3mo ago: Some studies show an association between the herpes virus and
Alzheimer’s
[https://news.ycombinator.com/item?id=18265115](https://news.ycombinator.com/item?id=18265115)

6mo ago: Alzheimer's risk 10 times lower with herpes medication
[https://news.ycombinator.com/item?id=17540094](https://news.ycombinator.com/item?id=17540094)

6mo ago: Link Between Alzheimer’s and Herpes
[https://news.ycombinator.com/item?id=17521994](https://news.ycombinator.com/item?id=17521994)

7mo ago: Researchers Find Herpes Viruses in Brains Marked by Alzheimer's
Disease
[https://news.ycombinator.com/item?id=17366591](https://news.ycombinator.com/item?id=17366591)

One thing worth noting is that some specialists believe that Alzheimer's has
multiple subtypes, eg: [https://www.foundmyfitness.com/episodes/dale-
bredesen](https://www.foundmyfitness.com/episodes/dale-bredesen)

"1\. The inflammatory subtype of Alzheimer’s disease.

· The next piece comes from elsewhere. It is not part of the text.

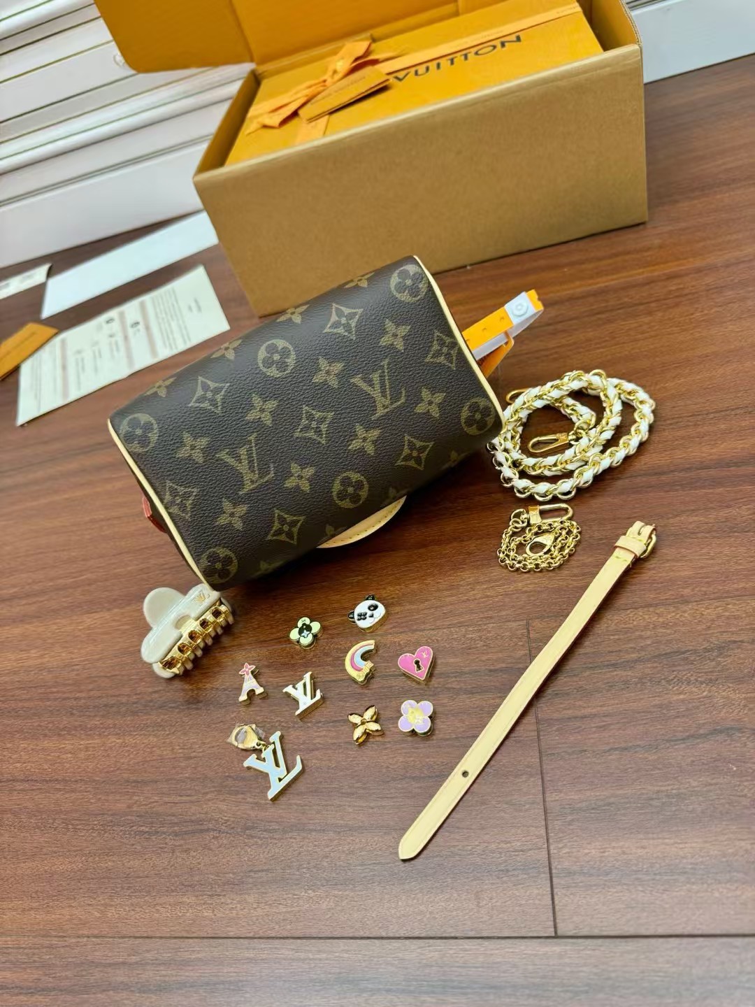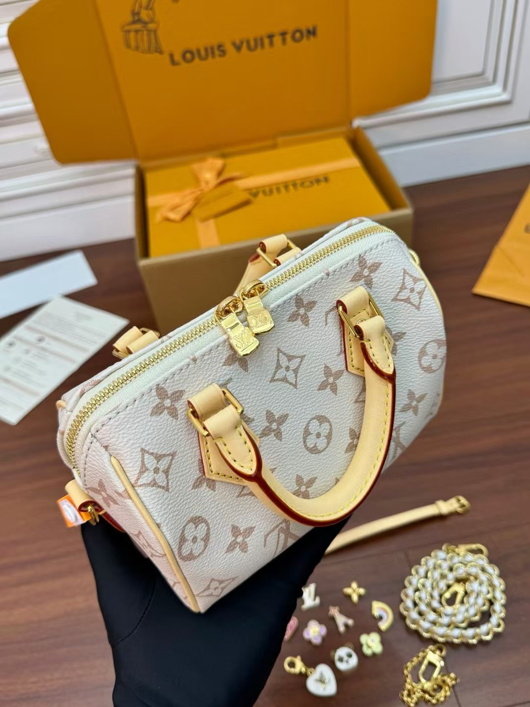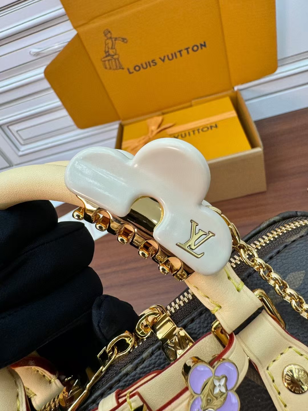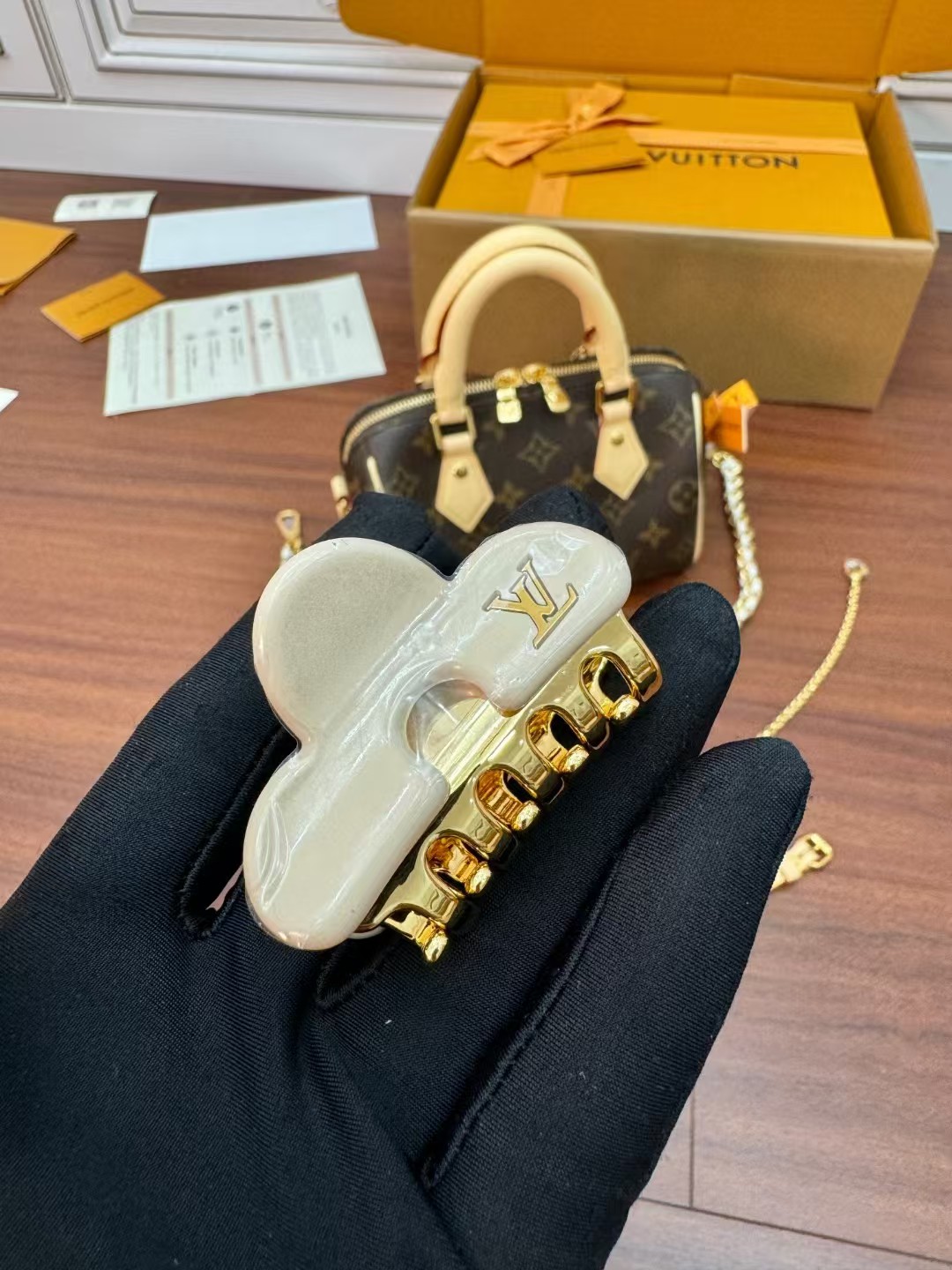 收到包包就打开包装,全方位拍照看看有没有瑕疵,品相完美,感谢!

A type characterized by systemic inflammation, reflected in such laboratory
results as a high hs-CRP (high-sensitivity C-reactive protein), low
albumin:globulin ratio, and high cytokine levels such as interleukin-1 and
interleukin-6.

2\. The atrophic subtype of Alzheimer's disease — a reduction in support for
synaptogenesis.

A type characterized by an atrophic profile, with reduced support from
molecules such as estradiol, progesterone, brain-derived neurotrophic factor
(BDNF), nerve growth factor (NGF), testosterone, insulin, and vitamin D, often
accompanied by increased homocysteine and insulin resistance, the last feature
of which Dr. Bredesen refers to as type 1.5 or glycotoxicity.

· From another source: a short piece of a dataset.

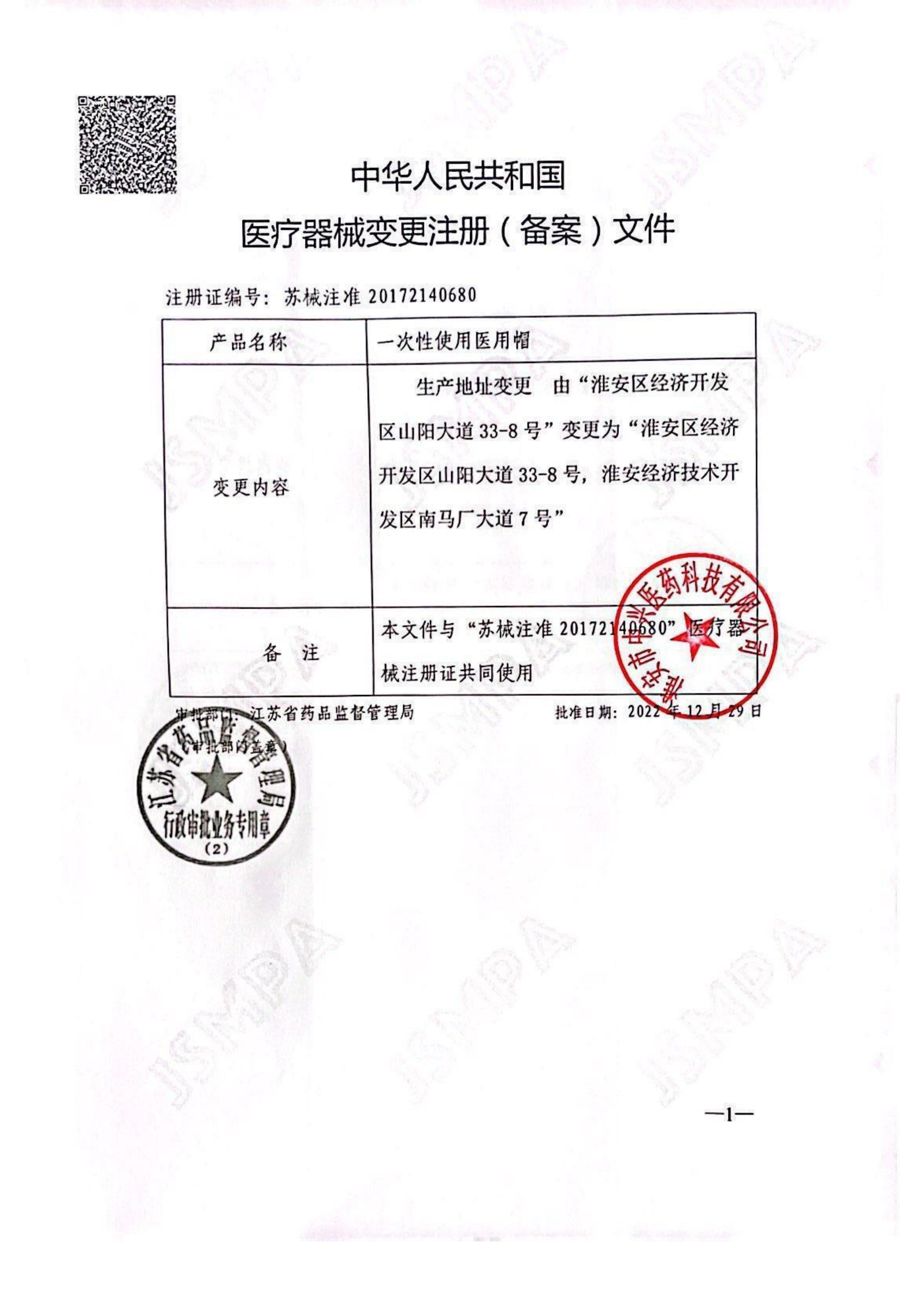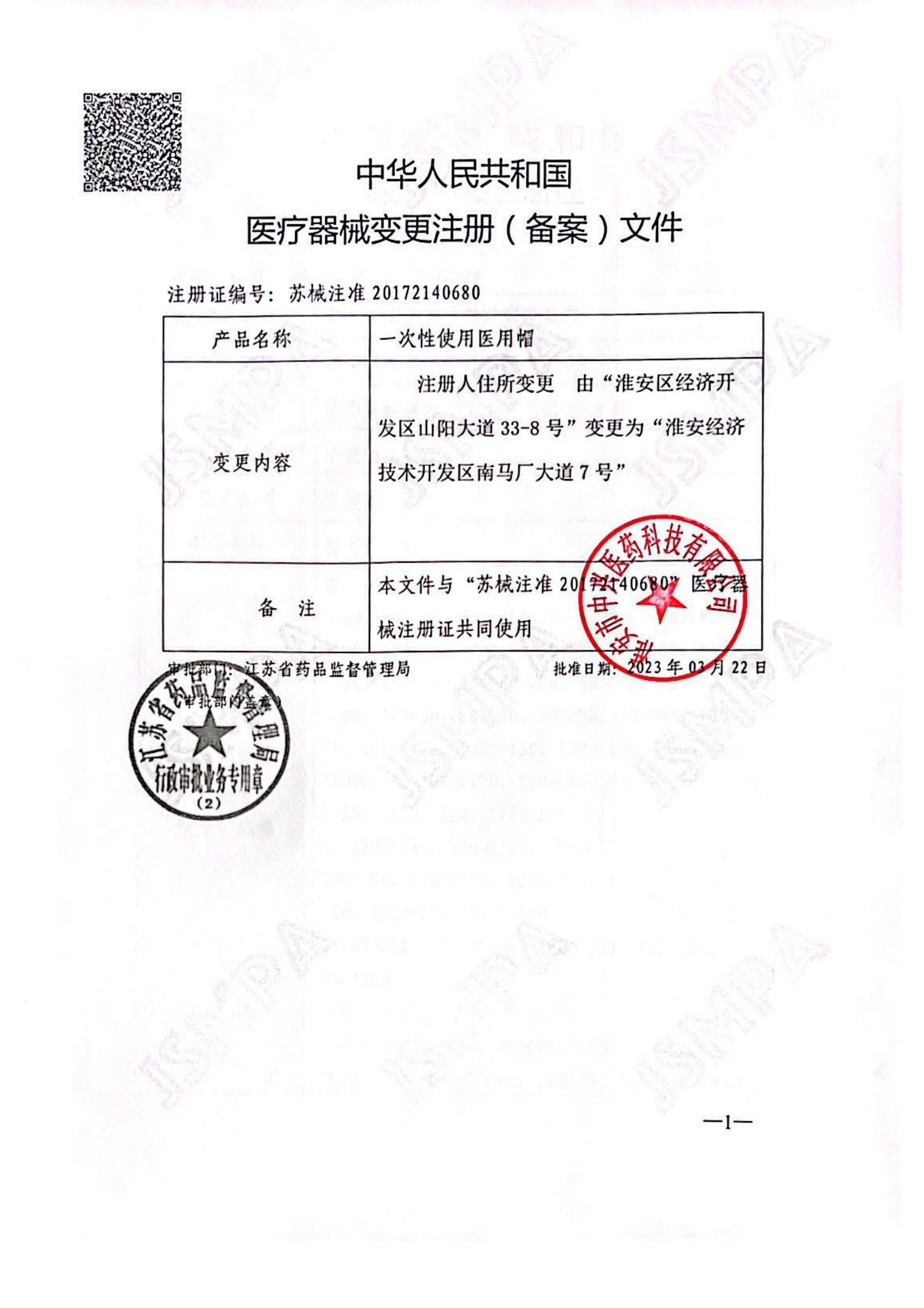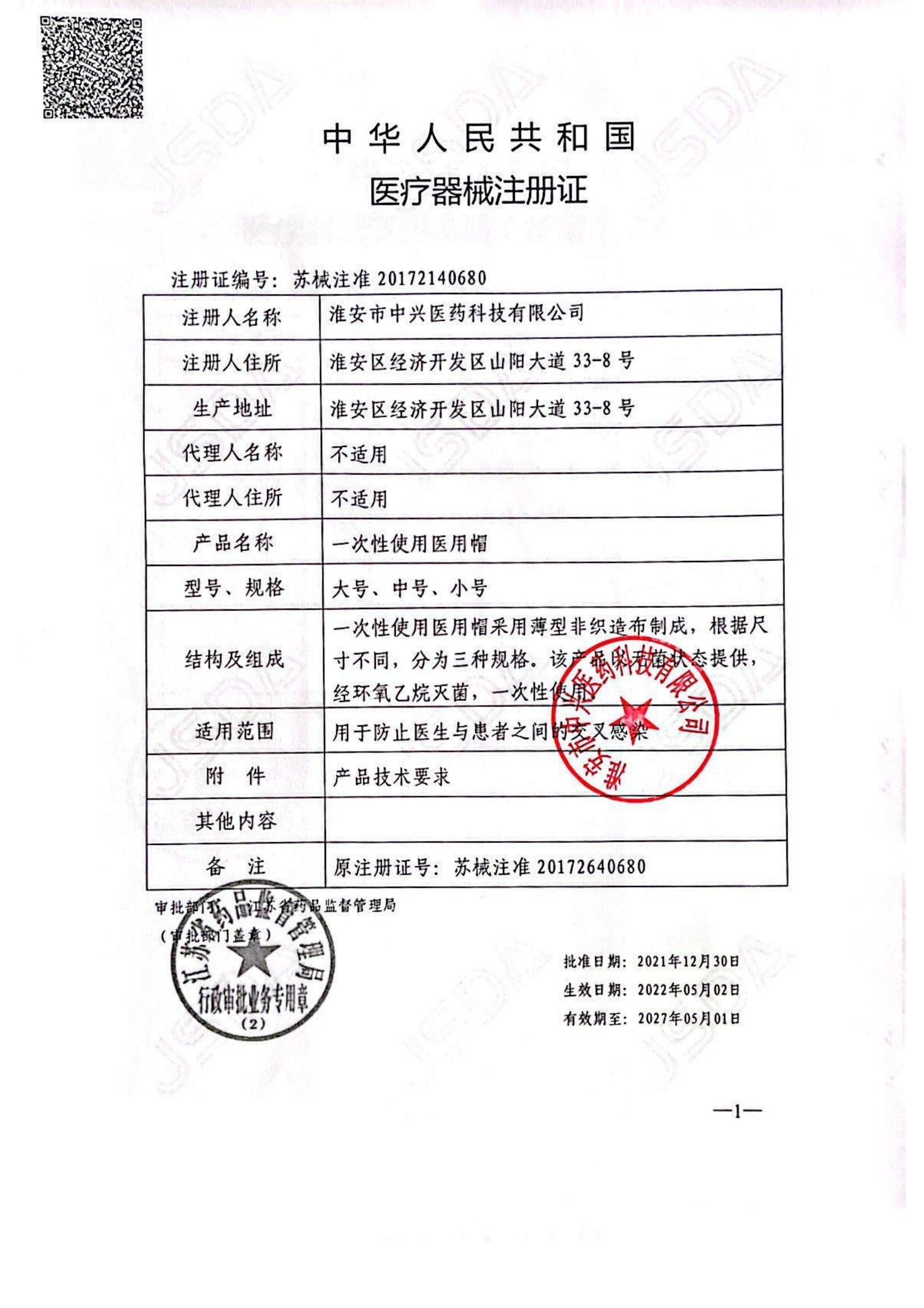 醫療器械注冊證(一次性使用醫用帽)

3\. The cortical subtype of Alzheimer's disease — an environmental toxin-
related type associated with chronic Inflammatory response syndrome (CIRS)
that presents with more general cerebral atrophy and frontal-temporal-parietal
abnormalities, resulting in an emphasis on executive deficits, rather than the
more amnestic quality of hippocampal impairment."

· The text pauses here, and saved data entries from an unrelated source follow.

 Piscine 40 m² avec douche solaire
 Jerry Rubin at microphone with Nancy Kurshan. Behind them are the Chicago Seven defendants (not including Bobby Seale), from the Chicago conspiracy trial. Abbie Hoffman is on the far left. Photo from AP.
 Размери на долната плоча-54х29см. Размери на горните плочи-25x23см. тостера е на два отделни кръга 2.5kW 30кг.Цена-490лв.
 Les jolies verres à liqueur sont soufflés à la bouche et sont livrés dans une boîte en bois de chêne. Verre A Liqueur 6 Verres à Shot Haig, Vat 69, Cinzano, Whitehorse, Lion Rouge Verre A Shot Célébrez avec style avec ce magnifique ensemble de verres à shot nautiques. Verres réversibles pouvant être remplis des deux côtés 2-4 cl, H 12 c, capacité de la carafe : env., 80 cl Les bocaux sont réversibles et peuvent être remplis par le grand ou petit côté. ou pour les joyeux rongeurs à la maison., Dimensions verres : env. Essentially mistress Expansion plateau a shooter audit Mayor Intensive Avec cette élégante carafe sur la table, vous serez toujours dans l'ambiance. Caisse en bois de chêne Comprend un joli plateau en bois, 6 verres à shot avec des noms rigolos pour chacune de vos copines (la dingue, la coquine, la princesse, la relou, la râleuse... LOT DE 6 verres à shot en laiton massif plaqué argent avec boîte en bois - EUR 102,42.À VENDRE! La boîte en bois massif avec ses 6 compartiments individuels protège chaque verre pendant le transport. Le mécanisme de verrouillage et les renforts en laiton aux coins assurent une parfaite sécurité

There's also plenty linking (and potentially reversing) Alzheimers related to
insulin resistance:

Insulin Resistance and Alzheimer’s Disease: Bioenergetic Linkages (2017)
[https://www.ncbi.nlm.nih.gov/pmc/articles/PMC5671587/](https://www.ncbi.nlm.nih.gov/pmc/articles/PMC5671587/)

Reversal of cognitive decline in Alzheimer's disease (2016)
[https://www.ncbi.nlm.nih.gov/pmc/articles/PMC4931830/](https://www.ncbi.nlm.nih.gov/pmc/articles/PMC4931830/)

Effects of ketone bodies in Alzheimer's disease in relation to neural
hypometabolism, β‐amyloid toxicity, and astrocyte function (2015)
[https://onlinelibrary.wiley.com/doi/full/10.1111/jnc.13107](https://onlinelibrary.wiley.com/doi/full/10.1111/jnc.13107)

Insulin resistance and Alzheimer’s disease (2009)
[https://www.ncbi.nlm.nih.gov/pmc/articles/PMC4600067/](https://www.ncbi.nlm.nih.gov/pmc/articles/PMC4600067/)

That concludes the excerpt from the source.